*RECORDS SHOWN*:

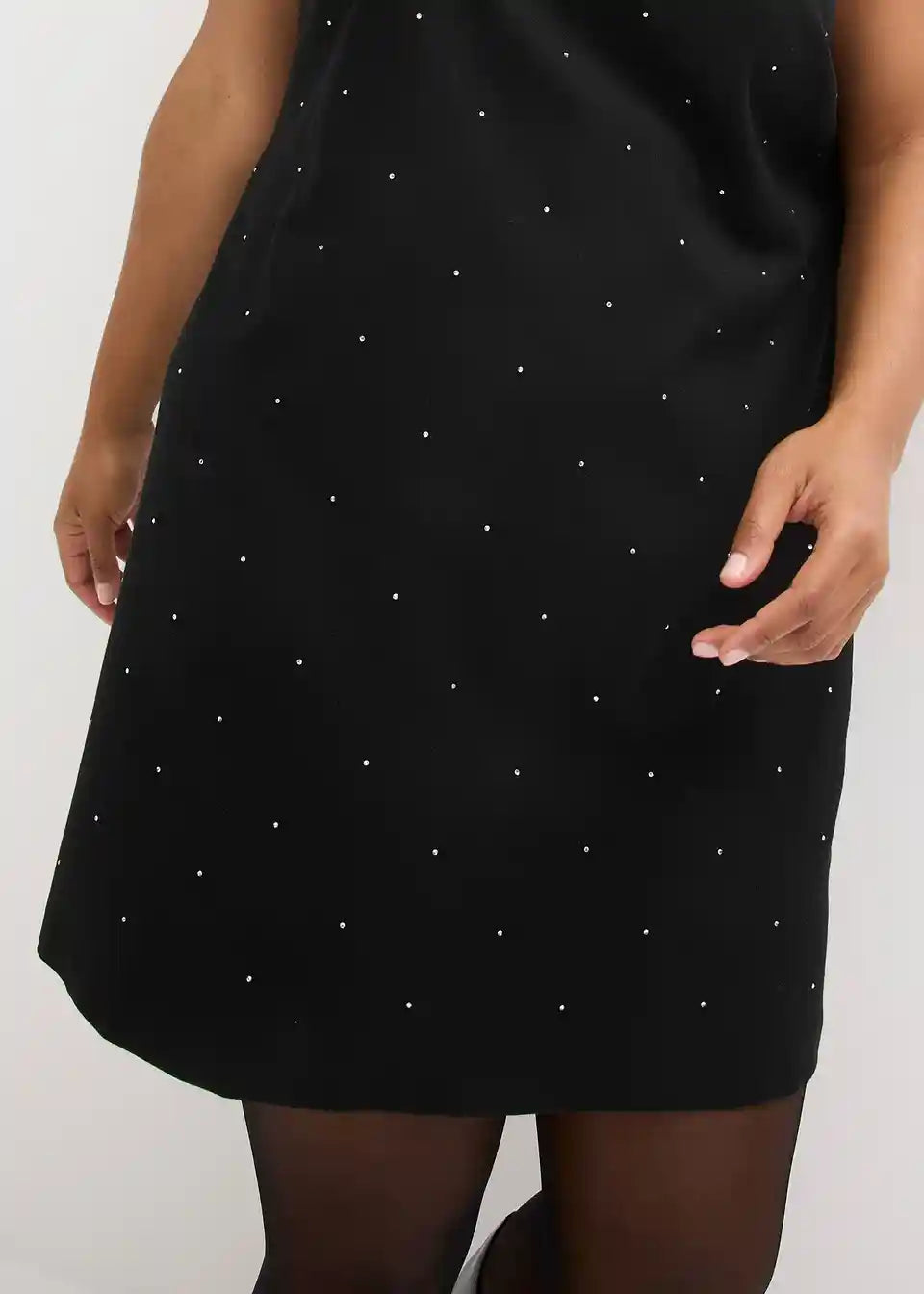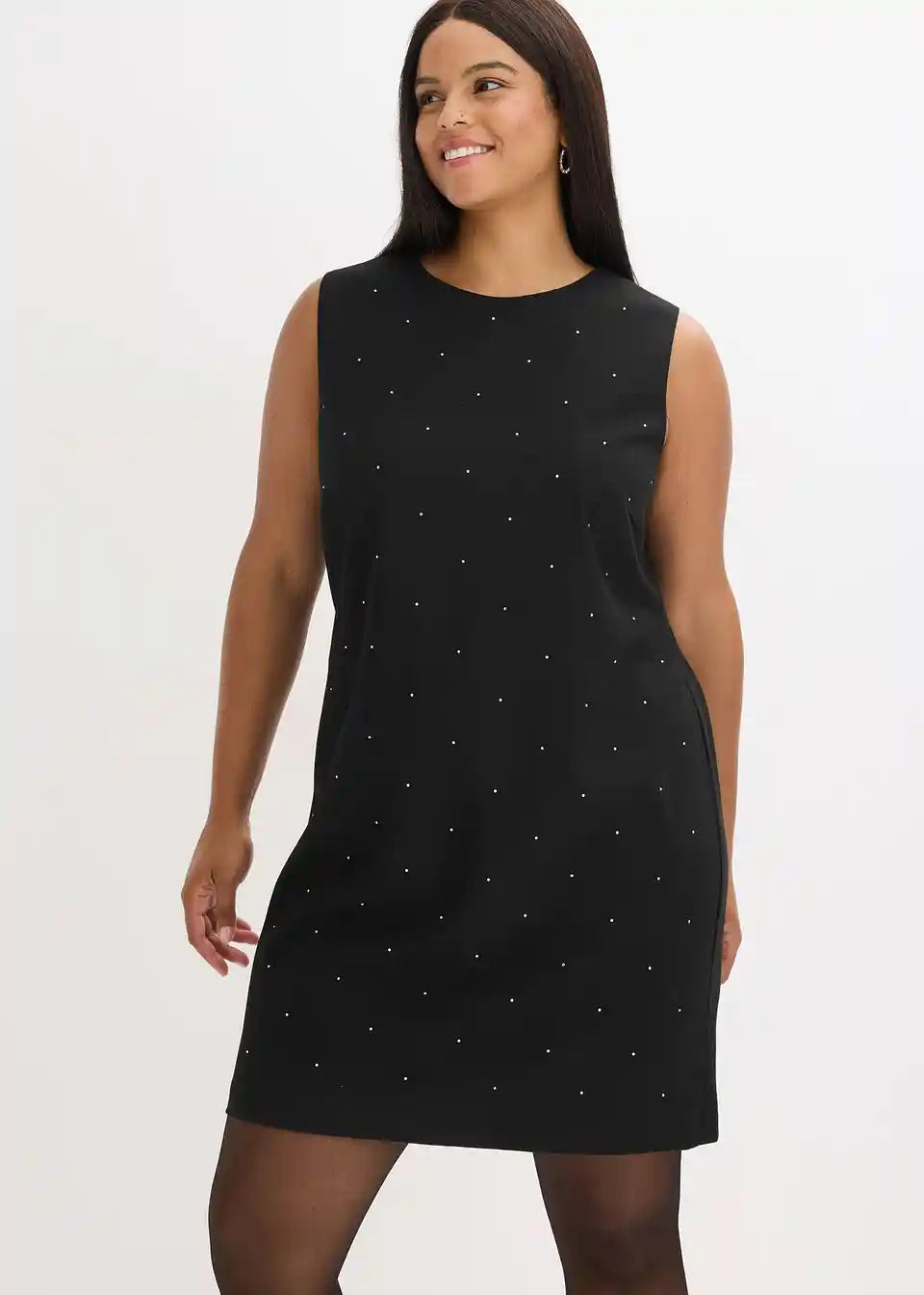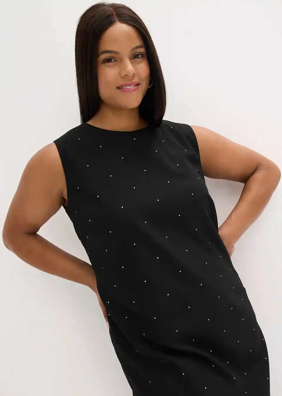 Mini obleka brez rokavov okrašena s svetlikajočimi bleščečimi kamenčki
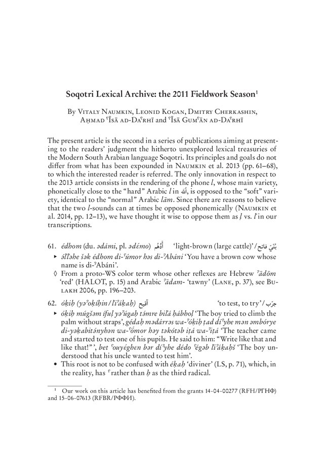 8 Naumkin, V. / L. Kogan / D. Cherkashin / A. I. ad-Daarhi / I. G. ad-Daarhi 2013: “Soqotri Lexical Archive: the 2010 Fieldwork Season.” In: ZDMG 163, pp. 61–85.
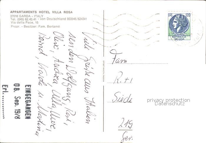 old postcard Garda Lago di Garda Appartaments Hotel Villa Rosa postalisch gelaufen Erhaltung siehe scans
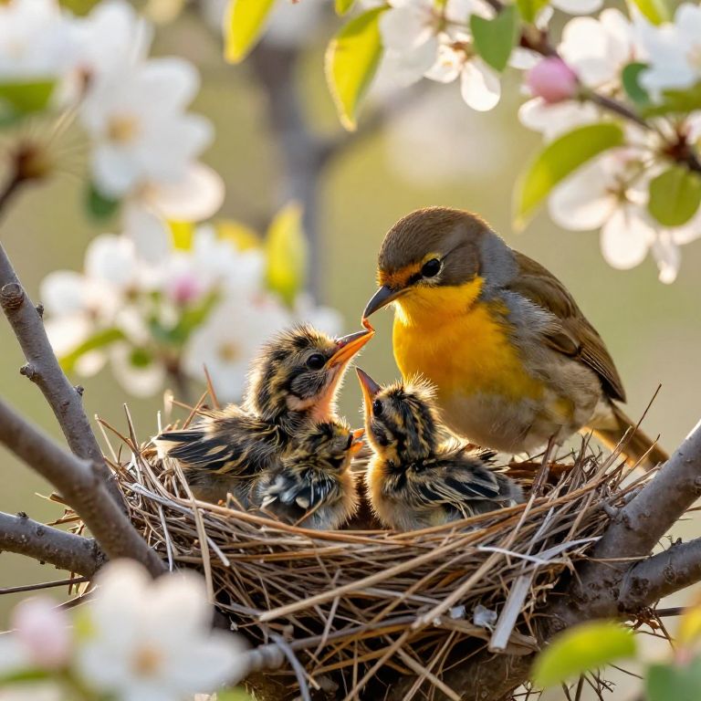 A tiernos portrayal of a mother bird feeding her chicks in a natural nest amid blossoming branches, golden hour sunlight filtering through leaves, emphasizing delicate bonds and the beauty of nature's care in vibrant colors.
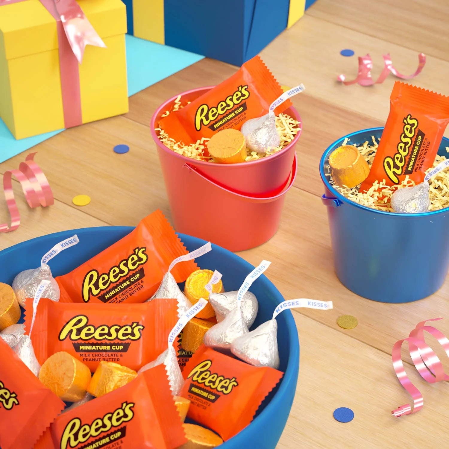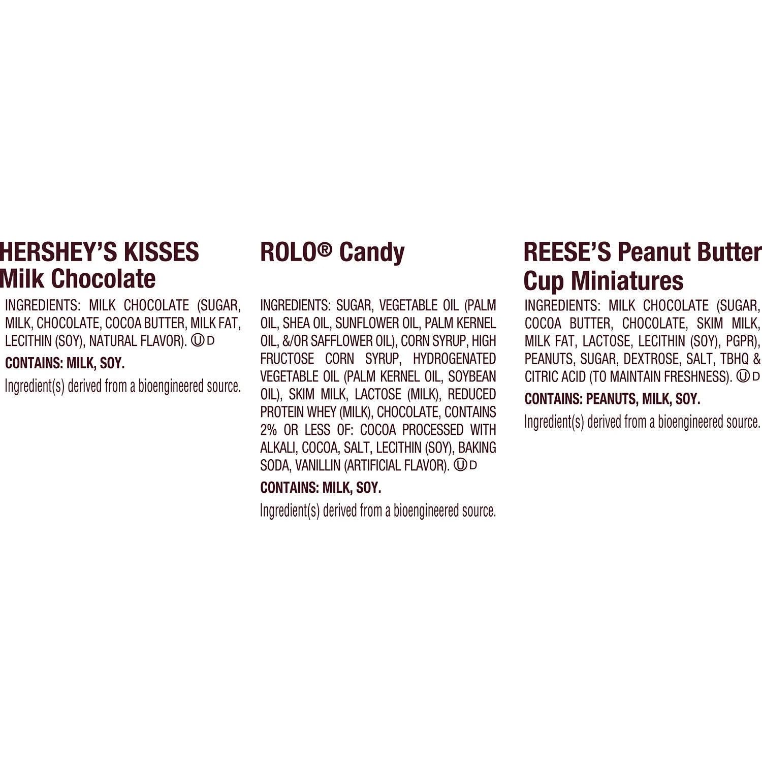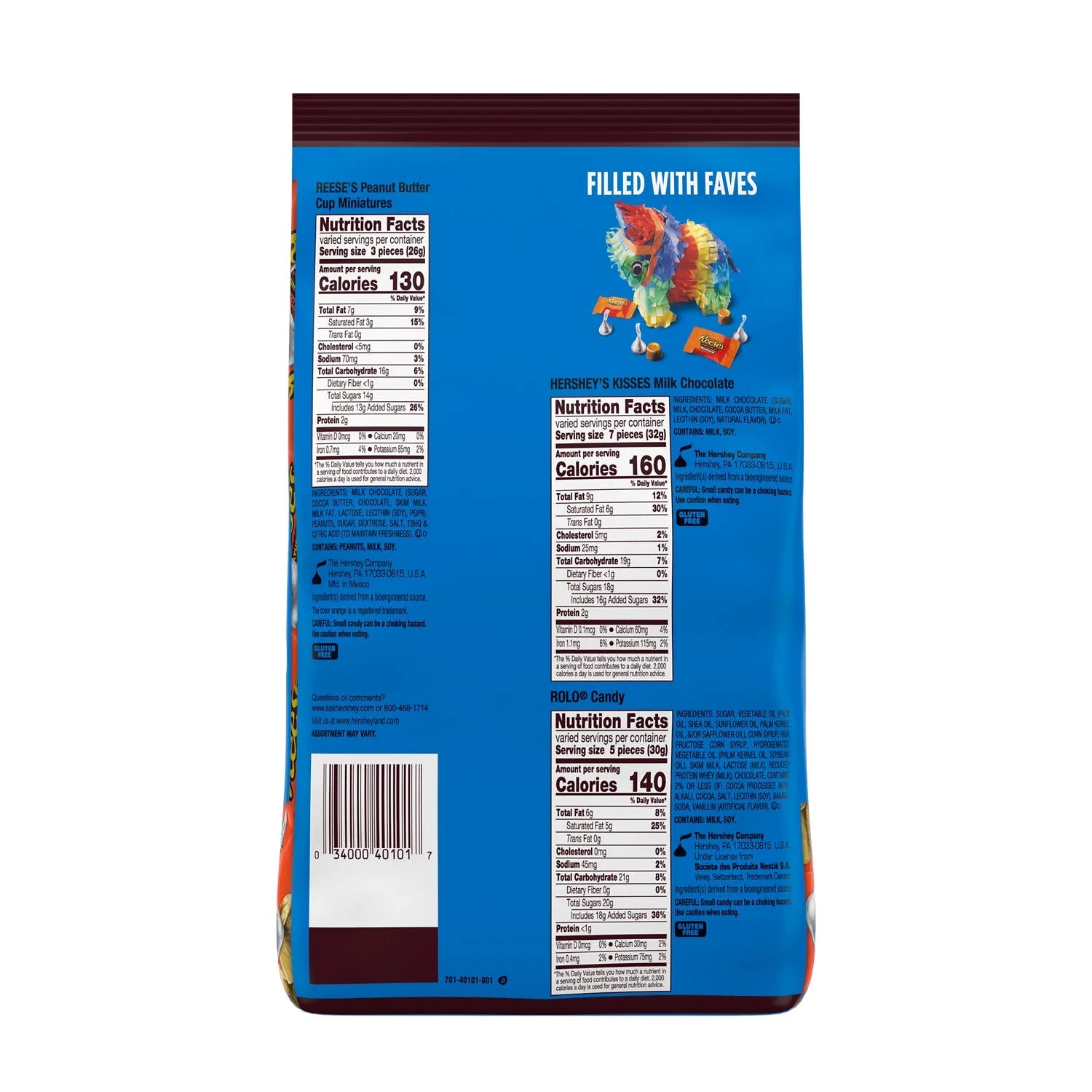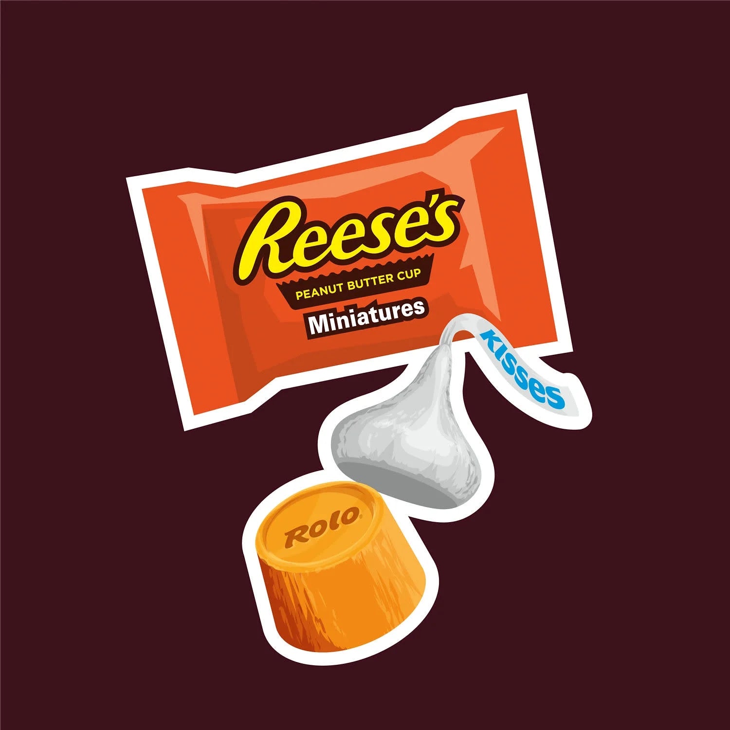 • Includes HERSHEY'S KISSES milk chocolate candy, ROLO rich chocolate caramel candy and REESE'S Miniatures milk chocolate peanut butter cups candy
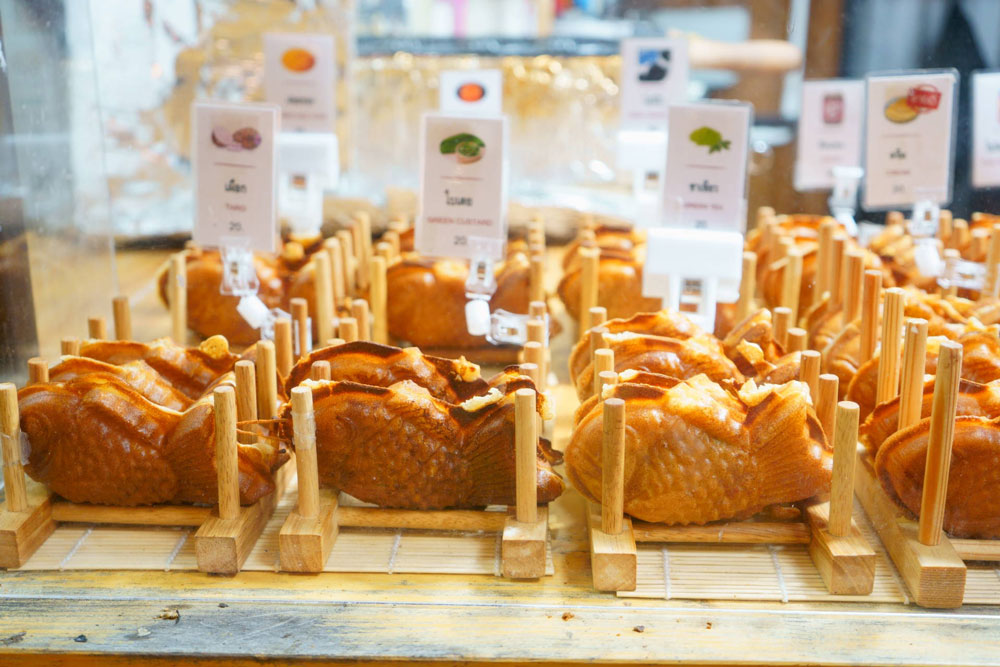 タイ焼きを発見!見た目は日本のものとよく似ていますが、ココナッツやパンダン、タロイモなど、個性豊かなフレーバーが揃っています。異国の地でタイ焼きにトライしてみるのもおもしろそうです。

*WHAT THIS TASK INVOLVES*:
Output the listing above exactly as it stands; no picture should appear.

*SOLUTION FOR THIS TASK*:
 Mini obleka brez rokavov okrašena s svetlikajočimi bleščečimi kamenčki
 8 Naumkin, V. / L. Kogan / D. Cherkashin / A. I. ad-Daarhi / I. G. ad-Daarhi 2013: “Soqotri Lexical Archive: the 2010 Fieldwork Season.” In: ZDMG 163, pp. 61–85.
 old postcard Garda Lago di Garda Appartaments Hotel Villa Rosa postalisch gelaufen Erhaltung siehe scans
 A tiernos portrayal of a mother bird feeding her chicks in a natural nest amid blossoming branches, golden hour sunlight filtering through leaves, emphasizing delicate bonds and the beauty of nature's care in vibrant colors.
 • Includes HERSHEY'S KISSES milk chocolate candy, ROLO rich chocolate caramel candy and REESE'S Miniatures milk chocolate peanut butter cups candy
 タイ焼きを発見!見た目は日本のものとよく似ていますが、ココナッツやパンダン、タロイモなど、個性豊かなフレーバーが揃っています。異国の地でタイ焼きにトライしてみるのもおもしろそうです。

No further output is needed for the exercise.